To get from Lianna Spence’s village of Lax Kw’alaams to Prince Rupert, B.C., a municipality of 12,000 people, you would have to take a seaplane or boat. Prince Rupert is on Kaien Island at the mouth of the Skeena River, 725 kilometres west of Prince George and at least a 17-hour drive from Vancouver. It’s in this small port city that Ms. Spence, who is raising a young daughter, has established a business – called Art from Ashes – as a carver, jewellery maker and tattoo artist.

Lianna Spence.

A turning point in her life, says Ms. Spence, was taking part in a program called Aboriginal Canadian Entrepreneurs, or ACE, a partnership between the University of Victoria’s Peter B. Gustavson School of Business and the Haida-owned and operated Tribal Resources Investment Corporation. “Artists are very introverted. But taking that course, I was like, the world is my oyster,” says Ms. Spence. “It gave me the courage to go out there and really talk to people.”

ACE, which operates in 26 First Nations communities in B.C., provides business education to Indigenous participants looking to launch or develop a startup venture in the region, while building skills that can be useful for employment or to further their education. The program
received a $1-million donation in April from the Bank of Montreal to expand its programming to First Nations communities on Vancouver Island.

When projects come to the north, many of them resource-based, “that brings in a tide of employment,” says Brent Mainprize, a business professor at UVic who co-developed the program several years ago. However, “when the tide ebbs, there’s unemployment. One of the aims of the program was having Indigenous people provide a skill they already have. Those businesses sustain themselves over the long term.”

When a spot came available in the ACE program, Ms. Spence jumped at the opportunity. “Someone just dropped out and there was a seat open,” she says. “Learning how to be in class every morning before 9:00 and having that schedule, meeting different professors every few days, it definitely tests your strength.”

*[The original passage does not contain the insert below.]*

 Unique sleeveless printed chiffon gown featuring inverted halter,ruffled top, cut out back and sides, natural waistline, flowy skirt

The program imparts a “cash, culture and community” framework to developing a business, Dr. Mainprize says. “In Indigenous communities, we know from a number of elders and business leaders that were part of designing this program, the success of bringing the individual along in the venture’s success is paramount. It might mean employing people in the community … giving back.”

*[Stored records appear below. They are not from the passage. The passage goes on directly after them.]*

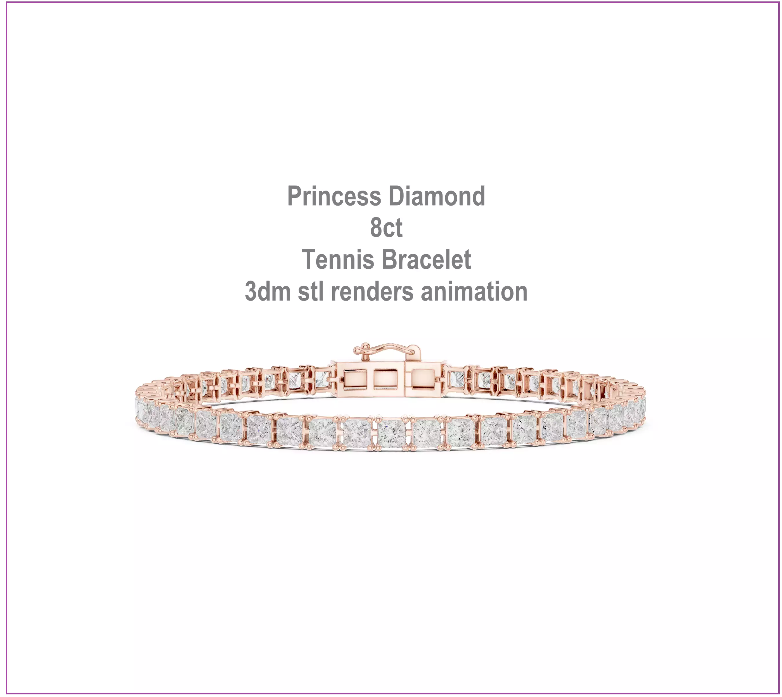 Princess Diamond 8ct Tennis Bracelet 3dm stl renders animation 3D print model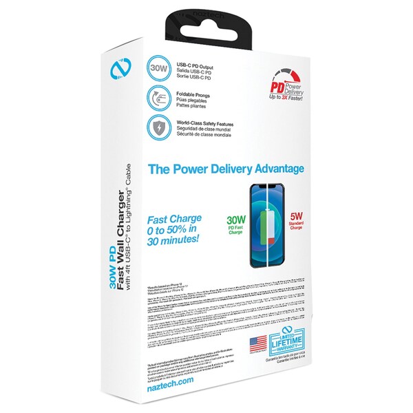 No more waiting. Experience the full speed of Power Delivery Technology with the Naztech 30 Watt Power Delivery USB-C to Lightning Wall Charger with 4 Ft. Cable. Never miss anything waiting on your phone to charge again.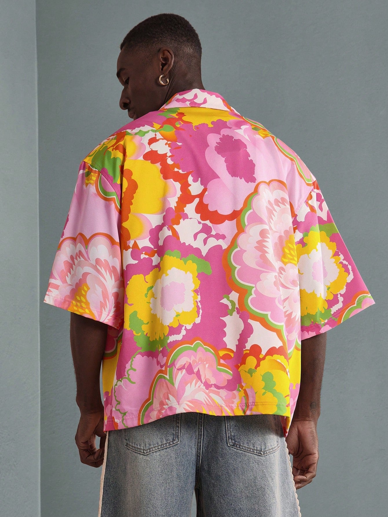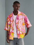 SUMWON Retro Floral Resort Shirt Boxy Fit Hawaiian Style Button Down Summer Beach Vacation Camp Shirt Festival Short Sleeve Relaxed Holiday Party Casual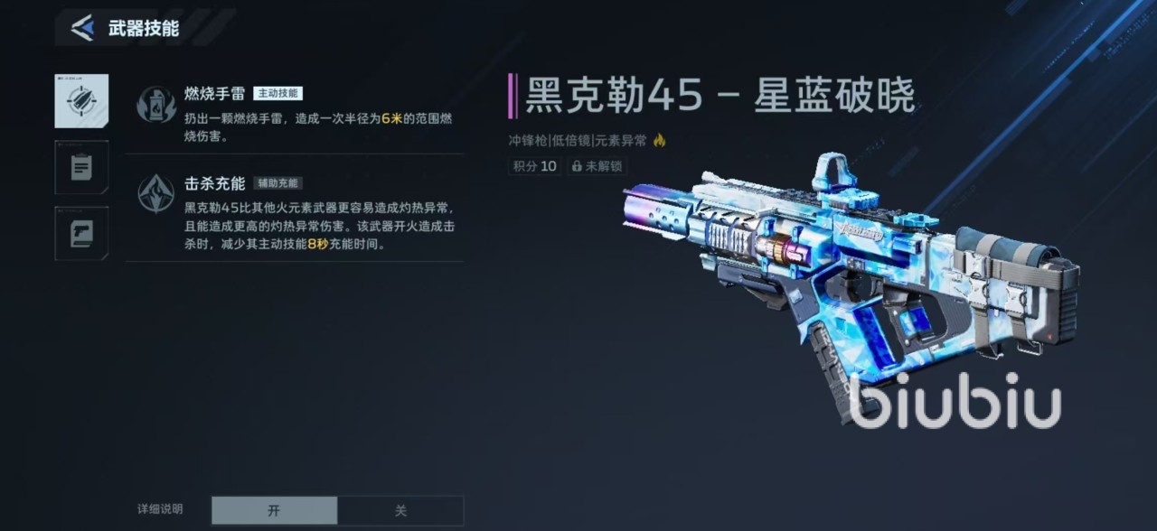 黑克勒45星蓝破晓在外观方面采用了比较科幻的蓝色涂装,它依然属于一款冲锋枪,在属性方面,单发伤害31,射速750,弹夹容量45发,总弹量900发,精准度71,稳定度67。主要有两个技能,第一个燃烧手雷,可扔出一颗手雷造成6m半径的范围伤害。还有一个技能是击杀充能,这款武器比其他的火元素武器更容易造成灼热异常效果,可以造成更高的灼热异常伤害,开火造成击杀时,减少8秒钟的主动技能充能时间。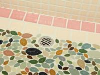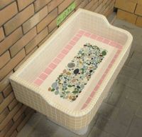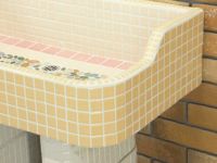 モルタル下地にモザイクタイルを張ったタイル流し台。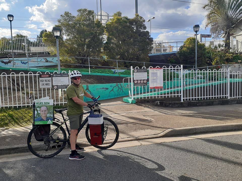 Later in the week, Belinda and Rolf Kuelsen, Greens candidate for Bulimba rode a lap around the Bulimba electorate checking out the train stations (Norman Park, Morningside, Cannon Hill and Murarrie) and ferry terminals (Apollo Rd, Bulimba, Hawthorne, and Norman Park). It was thirsty work.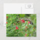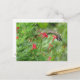 Postcard design features a photograph of a Ruby-throated Hummingbird drinking from Cypress Vine flowers.

Many strides have been made to reduce barriers to entry into the program and to tailor its goals to each First Nation in which it is offered. “It became really clear that if we’re just another university creating another entrepreneurship or Indigenous program delivered on beautiful campuses, we’re actually by design creating a barrier to about 80 percent of people in rural or remote communities,” says Dr. Mainprize. “We heard loud and clear, we need to come into the community upon invitation and bring the community the program they want.”